Since we have per file encryption, encrypting each chunk file is simple.
Each chunk will have small encryption overhead of up to 28 bytes. It is achieved by: 28Bytes = 12Bytes (IV size) + 16Bytes(GCM Tag)
. In rare cases where chunk-size
< 44Bytes 12Bytes (IV size) + 16Bytes(GCM Tag)+ 16Bytes(File ID)
, the chunk overhead is up to 44 Bytes. However these are relatively low. Moreover, using such small chunks for big files is not recommended as it is not efficient.
When downloading chunks, the chunks are fetched by filename and _chunk{#id}
part is added. The list of all available chunks is returned from minio
, although, it can only return up to 1000
file names, and that is the current chunk number limitation of this application.
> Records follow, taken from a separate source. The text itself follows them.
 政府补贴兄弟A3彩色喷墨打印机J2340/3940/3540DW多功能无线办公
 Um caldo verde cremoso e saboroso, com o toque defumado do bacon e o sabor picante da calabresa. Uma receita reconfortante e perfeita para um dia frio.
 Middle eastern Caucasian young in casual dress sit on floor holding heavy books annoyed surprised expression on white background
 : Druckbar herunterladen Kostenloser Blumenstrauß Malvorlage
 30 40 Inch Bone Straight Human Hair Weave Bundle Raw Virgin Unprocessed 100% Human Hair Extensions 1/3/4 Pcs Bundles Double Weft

Once the chunk count is established the number of routines is started to download chunks in parallel. The chunks can be downloaded in parallel, however, they must be delivered in order.
So the routines are split up amongst which chunk files can they download and they do not start to download new chunk until their current downloaded chunk is processed. This is accomplished with go channels.
For example we have 7 chunks and 3 routines the work distribution is:
routine1 is responsible for chunks : 1,4,7
routine2 is responsible for chunks : 2,5,
routine3 is responsible for chunks : 3,6
The download is done:
# All routines downloaded and block until chunk {x} is delivered
deliver chunk {1}
routine {1} download chunk{4}
deliver chunk {2}
routine {2} download chunk{5}
deliver chunk {3}
routine {3} download chunk{6}
deliver chunk {4}
routine {1} download chunk{7}
deliver chunk {5}
deliver chunk {6}
deliver chunk {7}
Once a routine delivers it can start downloading its next chunk while some other earlier routine is delivering. Currently routines only download 1 chunk at a time, however, this could theoretically be increased, but is yet to be tested.
The current application handles most of the errors by crashing if something goes wrong, like integrity errors or invalid options. This is something that is yet to be fixed for expanding it later
These are the files and their sizes the app was tested for
Size | Upload Time | Download Time | |
---|---|---|---|
Small | 4B | 0.17s | 0.001s |
Big | 4KB | 0.06s | 0.001s |
Image | 3MB | 0.2s | 0.02s |
Exe | 130MB | 3.38s | 0.83s |
Zip | 5.1GB | 136s | 37s |
The tests could be expanded more, however, all of these yielded correct roundtrip result aka, the files contained the same content.
I don't think the chunk naming scheme I chose is good, therefore, it should be reworked.
If a long file name is given and using chunks the naming method would not work.
The upload of the files is currently slow as parsing each chunk is done in a single function call. This could further be parallelized in a future work.
This is an encryption error/weakness that I noticed as I am finishing this document. For example, in the current implementation, if an attacker gains access to the bucket and renames the chunk files, the algorithm would not know that, as blockIDs are currently per chunk and not per whole file.
Iterating over block number
per whole file rather than per chunk would be the fix
Handle errors in a way that does not terminate the application
Currently the unit tests are only there for encryption module as it required some testing while developing the app to ensure nothing breaks.
Benchmark the application, to understand upload/download speeds, number of concurrent users. This would also help to improve the app performance later.